Why the indifference I wondered? The best conclusion I could reach was: “because the old man had nothing to offer people.”


And it was at that moment I realized what ‘beauty’ is.


‘Beauty’ is a quality that people want to possess. If they see it in other people, there is a selfish desire to possess the beauty the individual has. For a man, a wife’s beauty is a quality for him, not for her. If she is beautiful — has facial symmetry — she is probably healthy. If she has wide beautiful hips, she can bear him many children. If she has large round breasts, his children will be well nourished. And these children will in turn inherit her beauty and make it more likely that they should find mates and yield for the husband many offspring. This is the truth of our selfish genes.

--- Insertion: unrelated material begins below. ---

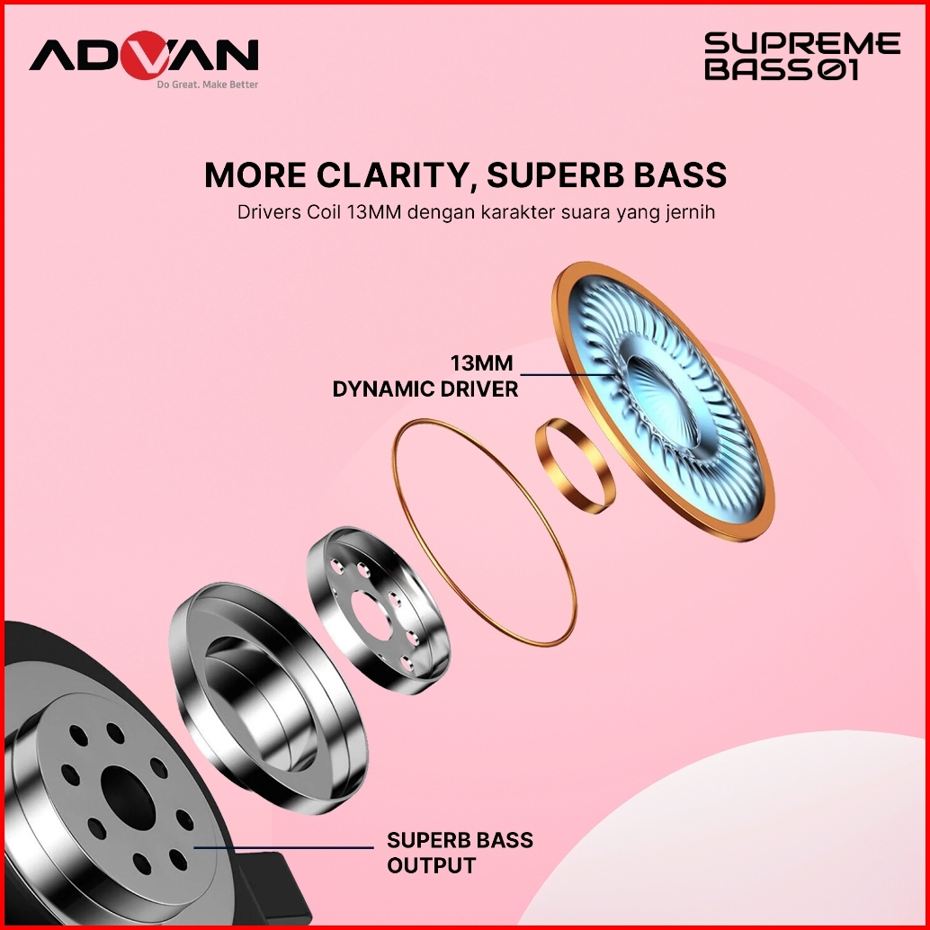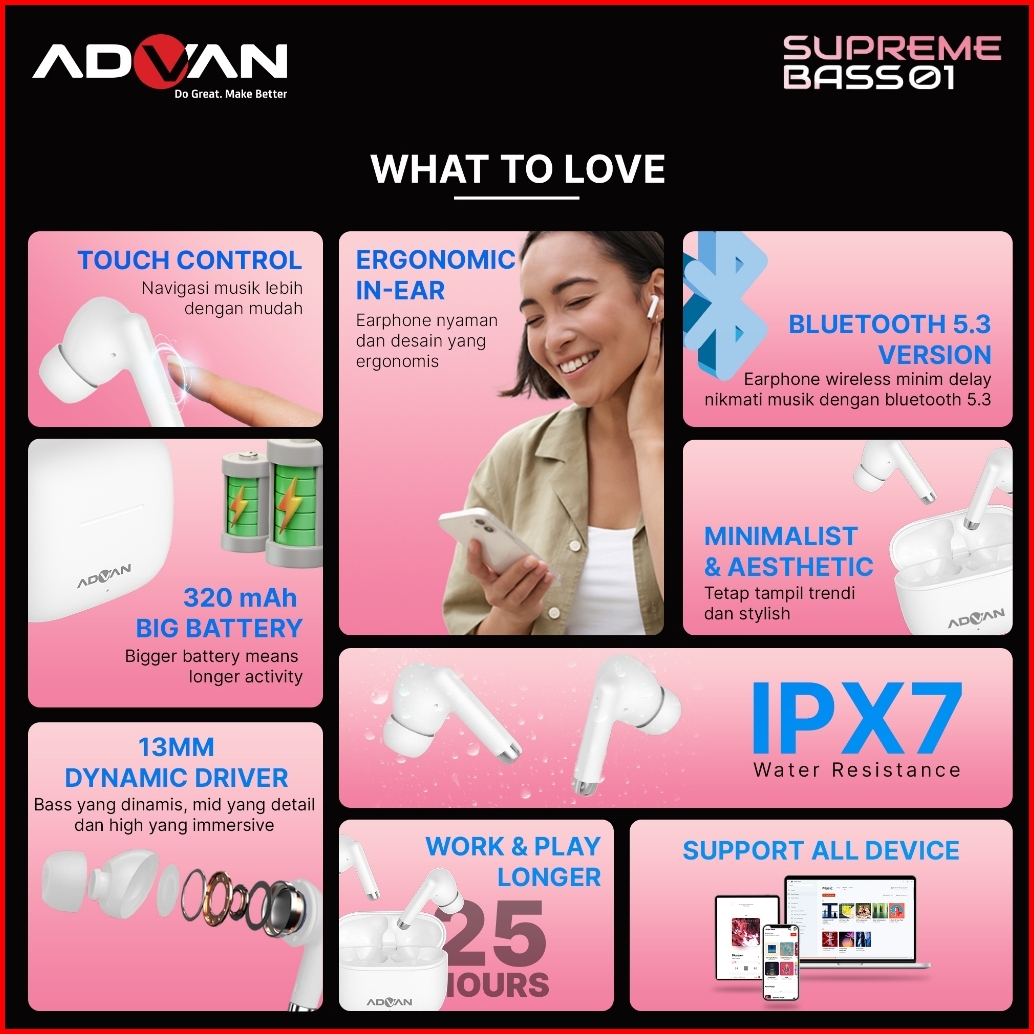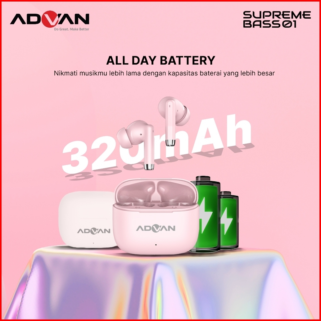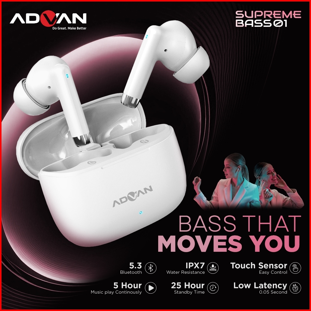 Advan True Wireless Earphone Tws Supreme Bass 01 Bluetooth 5.3 Earbuds Tws Ipx 7 Dynamic Driver 13mm - Garansi 1 Tahun

Those of us blessed with some measure of attractiveness will be treated more gently by our fellow human beings—and thus a veil will be held over our eyes and we will see people as inherently good. We won’t let ourselves acknowledge the awful truth—that people are acting selfishly. We all want to believe we are loved for some inherent ‘goodness’, some inherent ‘lovableness’ in ourselves. But the terrible reality is, the kindness of others will always be motivated by their own selfishness. At bottom, this is pure gene selfish—a desire to mate with a ‘beautiful’ individual to ultimately confer benefits onto one’s own offspring. Or in a more general fashion, the desire to associate with people who are younger, attractive, and have more social status in order to confer more social status upon ourselves.


An old man in a wheelchair offers nobody anything. Therefore people respond to him socially with far less attention than they would bestow upon a younger, healthier person. So it is that the old man’s eyes are never clouded by illusions of goodness and charity.


Old, ugly and disabled— that is the vantage point from which to see the true nature of people.